In the German patent DE 198 24 811 C2 described that a protein (C1D) is present in animals that is suitable for induction of apoptosis. This has one Size of about 16 kD and has so far been used as a DNA-binding Protein characterized (Nehls et al., Nucleic Acids Research 26, pp. 1160-1166 (1998)). It was recognized that C1D Induction of apoptosis is appropriate and in every cell, too is present in tumor cells, and there in one of the Organism is expressed predetermined amount. It comes to overexpression of the C1D gene product is described in the overexpressing cells triggered apoptosis, which in the case of Tumor cells are therapeutically desirable because of this Overexpression per se can kill the tumor cells. In the German patent DE 198 24 811 C2 is finally described that in tumor cells it actually caused apoptosis can be achieved using the C1D gene for overexpression brought, d. H. the concentration of the cellular C1D gene product is increased. This can be achieved in that the cells are transfected with expression constructs, that express the C1D gene or the endogenous C1D gene for Overexpression is stimulated.

However, this was shown in preliminary experiments Invention that the previously used methods for Increasing the C1D level in cells (e.g. transfection with Expression constructs) only ever in a relatively small one Proportion of cells treated to trigger apoptosis to lead. It turned out that this is because Cells activate a cryptic rescue mechanism can. There is a threshold, and only if the intracellular concentration of the C1D gene product Apoptosis is triggered. is the initial intracellular concentration of the C1D gene Product increases but is below this threshold, the cell can activate this rescue mechanism. Here but ultimately all target cells for therapeutic purposes the disadvantage is that so far applied procedures that the treatments z. B. as long must be repeated until all target cells have been killed. This disadvantage is significant because the cells involved in it the first treatment does not kill itself until increase further treatment. Remains the rate of one Treatment of deadly cells under the Propagation rate, the whole will not succeed Kill population of tumor cells.

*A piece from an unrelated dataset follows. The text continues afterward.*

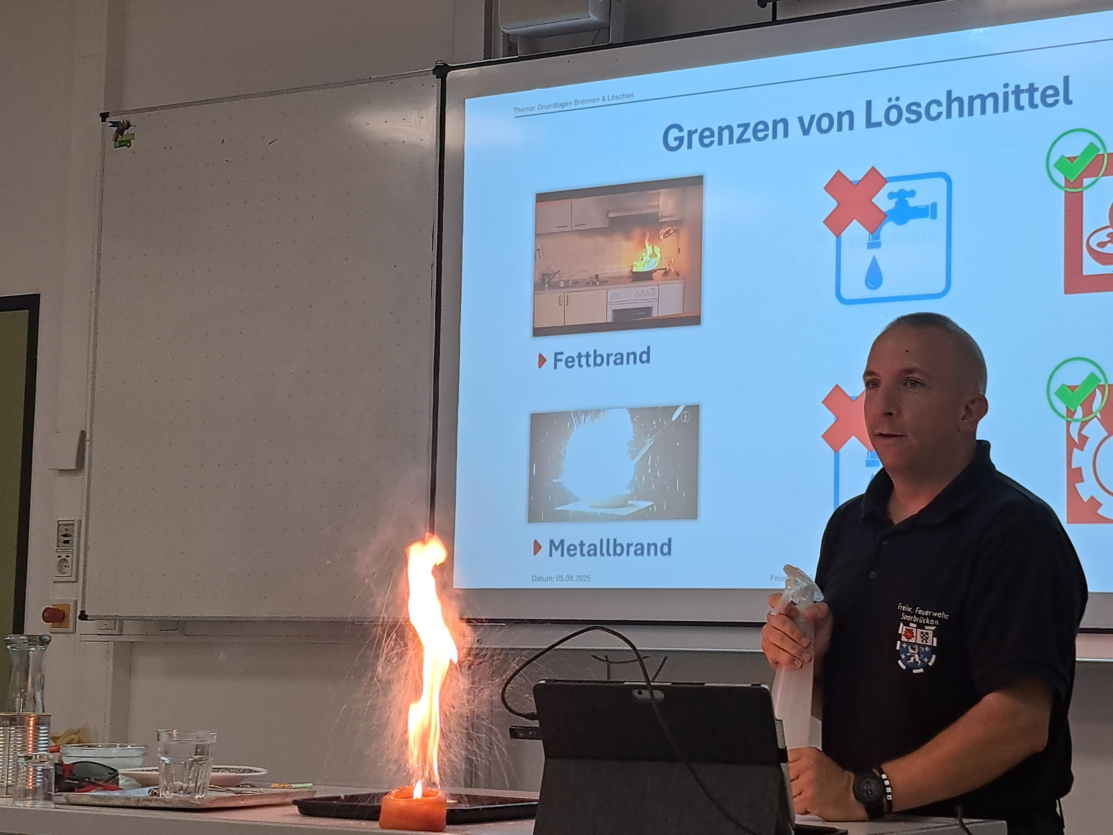 Mit viel Getöse, Stichflammen und kleinen Explosionen endete für die Schüler:innen des bundesweit einzigartigen und neuen Blaulicht-Schulfachs das theoretische Unterrichtsmodul „Brennen & Löschen“ im Chemiesaal unserer Schule. Während der Unterrichtsstoff zu den Theoriebausteinen „Feuer“, „Verbrennungsdreieck“, „Löschmittel“ und „Brandklassen“ in den letzten beiden Wochen vermittelt wurden, ging es nun im Chemiesaal richtig zur Sache. Zu Gast war die Freiwillige Feuerwehr Saarbrücken, vertreten durch den Löschbezirk 13, Sankt Johann, welche sehr anschaulich und auf die Lebenswirklichkeit der Schüler:innen Bezug nehmend in zahlreichen brandheißen Experimenten den sicheren Umgang mit Feuer schulte und die Gefahren beim Einsatz ungeeigneter Löschmittel demonstrierte.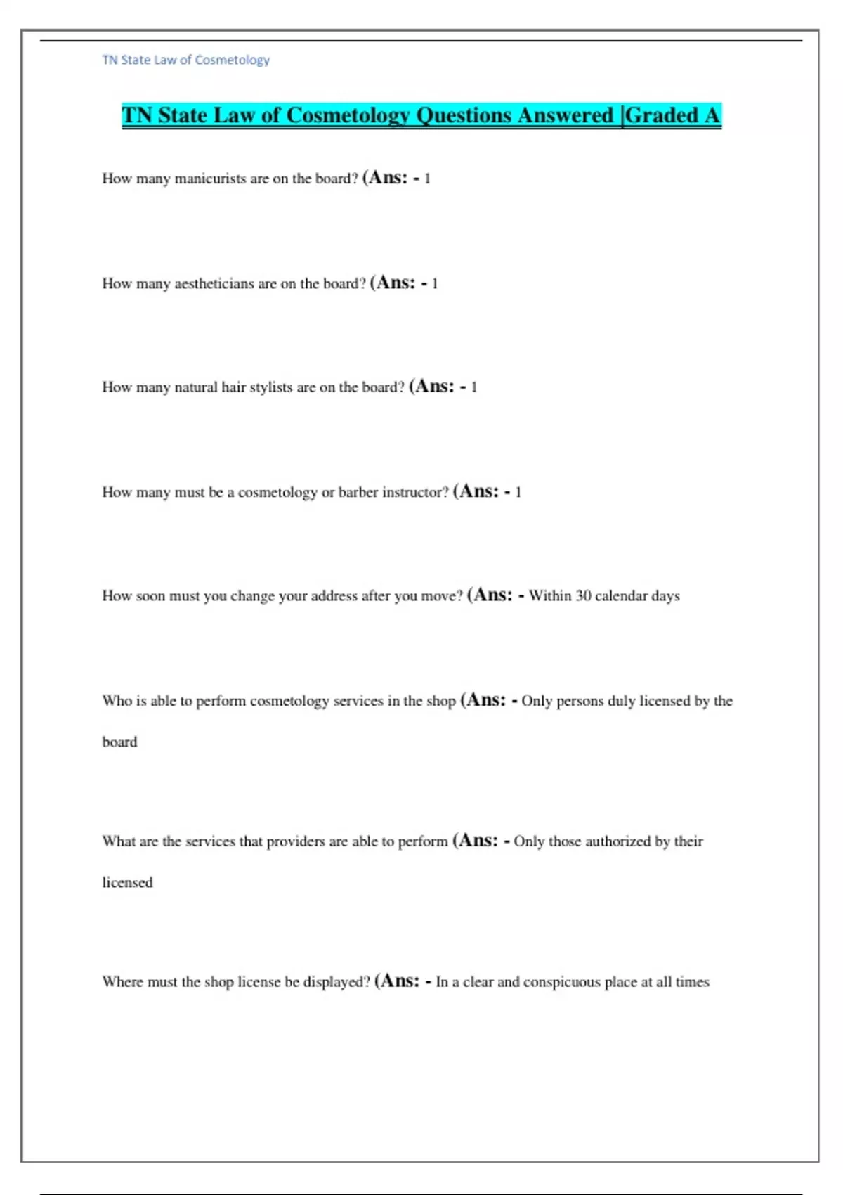 TN State Law of Cosmetology Questions Answered |Graded A

The object of the present invention is therefore to to provide a process by which the initial C1D Gene product levels in as many cells as possible, especially Tumor cells can be increased in such a way that if possible many cells the threshold and thus the "points of no return "is reached.

According to the invention this is the subject of Claims reached.

The invention is based on the identification of the "rescue" - Process based on a rapid breakdown of the cryptic cytotoxic C1D gene product. The C1D Gene product broken down by proteasomes. Proteasomes is a cellular surveillance system that u. a. regulatory proteins when a certain one is reached Levels can decrease rapidly. According to the breakdown of the apoptosis-inducing C1D gene product by avoidance inhibited this proteasome-dependent degradation and thus its intracellular concentration and thus its effect with regard to triggering apoptosis in as many as possible Cells are strengthened. Avoiding this In principle, degradation can be achieved by two methods: (a) Inhibition of degradation by specific proteasome inhibitors, and (b) identifying the C1D target sequence portion that stimulates the breakdown, and targeted genetic modification of the corresponding nucleic acid sequence, whereby the produced Protein substrate properties with regard to the specific Degradation get lost.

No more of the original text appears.